**Task to complete**
Restate, exactly and without pictures, the lines from the start of the listing below through the line holding "실내도어 | ReDoor_크리스탈와이드3연동,원슬라이딩".

**Provided data**
****************************************

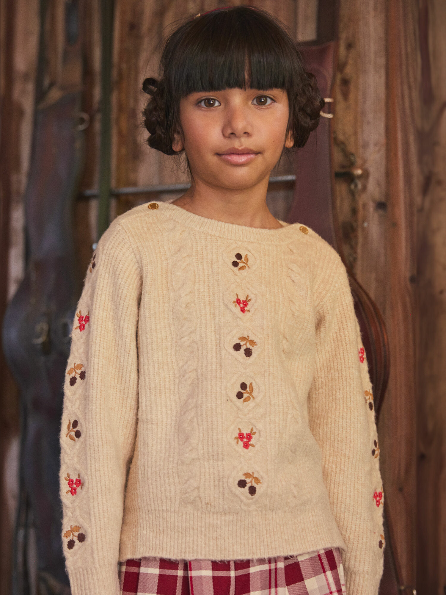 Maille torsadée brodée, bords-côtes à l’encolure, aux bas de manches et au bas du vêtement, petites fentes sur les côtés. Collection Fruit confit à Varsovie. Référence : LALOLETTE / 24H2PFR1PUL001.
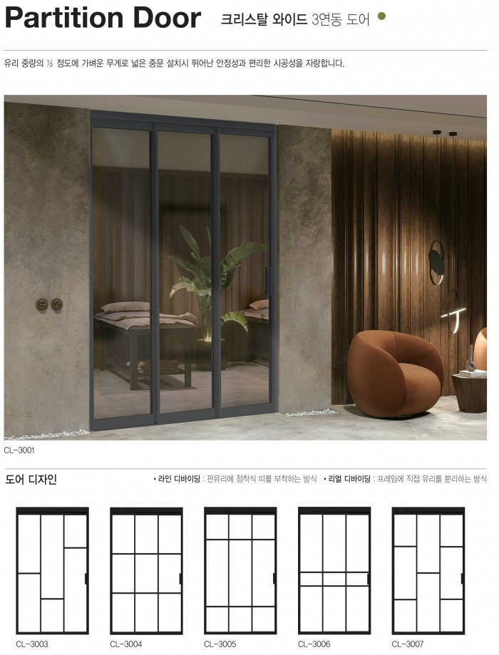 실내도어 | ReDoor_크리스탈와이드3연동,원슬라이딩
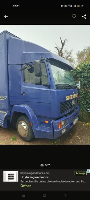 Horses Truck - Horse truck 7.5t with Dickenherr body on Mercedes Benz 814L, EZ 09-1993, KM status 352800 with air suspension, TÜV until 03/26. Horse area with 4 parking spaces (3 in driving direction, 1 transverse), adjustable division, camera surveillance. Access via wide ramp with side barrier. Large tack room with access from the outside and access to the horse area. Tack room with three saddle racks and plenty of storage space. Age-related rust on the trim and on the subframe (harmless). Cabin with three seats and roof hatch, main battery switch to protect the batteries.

****************************************

**Task solution**
 Maille torsadée brodée, bords-côtes à l’encolure, aux bas de manches et au bas du vêtement, petites fentes sur les côtés. Collection Fruit confit à Varsovie. Référence : LALOLETTE / 24H2PFR1PUL001.
 실내도어 | ReDoor_크리스탈와이드3연동,원슬라이딩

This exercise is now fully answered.